Problem solved? Well, not quite. Von Hippel’s DF formula requires some computational work, and that will discourage some researchers. In principle, the method could easily be programmed into structural equation modeling packages and, hopefully, that will happen. Until it does, however, the method probably won’t be widely used.
Bottom line is that ML seems like the better way to go for handling missing data in both large and small samples. But there’s still a big niche for MI. ML requires a parametric model that can be estimated by maximizing the likelihood. And to do that, you usually need specialized software. Most structural equation modeling packages can do FIML for linear models, but not for non-linear models. As far as I know, Mplus is the only commercial package that can do FIML for logistic, Poisson, and Cox regression.

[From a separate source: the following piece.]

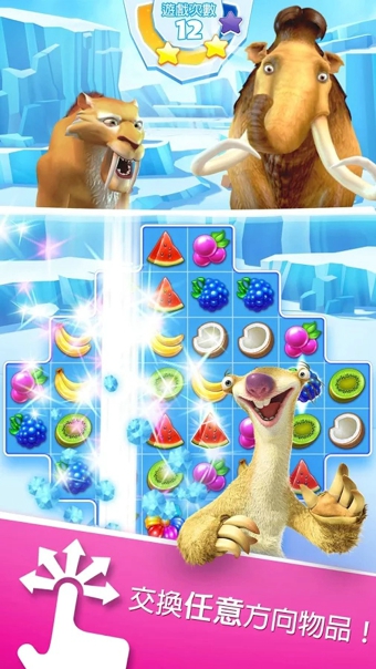 本作為一款讓玩家們《冰原歷險記》系列熟悉的三名主角~樹懶「喜德」(Sid)、長毛象「蠻尼」(Manny)與劍齒虎「狄亞哥」(Diego)等一起展開新冒險的動作益智游戲,游戲中采用讓玩家們將直線、橫線與斜線三個以上的相同水果湊齊在一起就能將之消去的三消型益智玩法,讓玩家們在三消益智過程中與喜德等夥伴一起來展開一場古代秘寶探索尋寶之旅!而且游戲中不但將會收錄各式各樣系列角色登場之外,還將會加入各種有趣的小游戲玩法讓玩家們來挑戰(zhàn),同時游戲內(nèi)也將會加入 PvP 的對人戰(zhàn)模式,讓玩家們可以與朋友來一較高下,一起享受本作的豐富游戲樂趣!

MI, on the other hand, can be readily applied to these and many other models, without the need for specialized software. Another attraction of MI is that you can easily do a sensitivity analysis for the possibility that data that are not missing at random. So if you really want to be a skilled handler of missing data, you need to be adept at both approaches.
If you want to learn more about both multiple imputation and maximum likelihood, check out my course on Missing Data.
I remember previously you offered an on-line course on missing data. Are you still offering the on-line course?
Yes, the course is still available at https://statisticalhorizons.com/missing-data-sas-online.
Hi Professor Allison,
I am confused about what exactly a full information maximum likelihood (FIML) is. In your 2012 SAS Global Forum paper (page 5), you mentioned that the maximum likelihood approach handles missing data by summing “over all possible values” of missing variables in a joint distribution. Is this FIML? Or is that just a general way to hand missing data in the ML framework, and FIML is a ‘tool’ for estimation?
FIML is the name used in the structural equation modeling (SEM) literature for maximum likelihood handling of missing data. The term is somewhat misleading since “full information maximum likelihood” is often used in other contexts that have nothing to do with missing data. And people outside the SEM world just say maximum likelihood for missing values.
Hi Professor Allison, it is suggested in the description page for your seminar on Longitudinal Data Analysis Using Structural Equation Modeling that, in this case, in order for longitudinal data analysis to work, the number of individuals should be substantially larger than the number of time points. May I ask why this is the case?
When you estimate a panel data model with standard SEM packages, you have to analyze the data in the wide form: one record for each individual with all the variables at different times on that record. So, for example, if your model has 10 variables and there are 10 time points, there will actually be 50 variables on the record, and the covariance matrix would be 50 x 50. Unless you have at least 50 cases, that matrix will be singular and can’t be analyzed.
Hello Prof. Allison,
After working on a series of simulations I found that ML performs better when the percentage of missing information (number of data gaps) is greater in a case with a single dependent having MI. I tested % of incompleteness from 0.10 to 0.40. Would you be able to explain why this is happening? Thanks in advance for any answer.
Was data missing on the dependent variable only? In that case ML (assuming MAR) is equivalent to complete case analysis. There is no benefit to imputation, which only increases the sampling variability of the estimator. And that variability should increase with the percentage of missing data.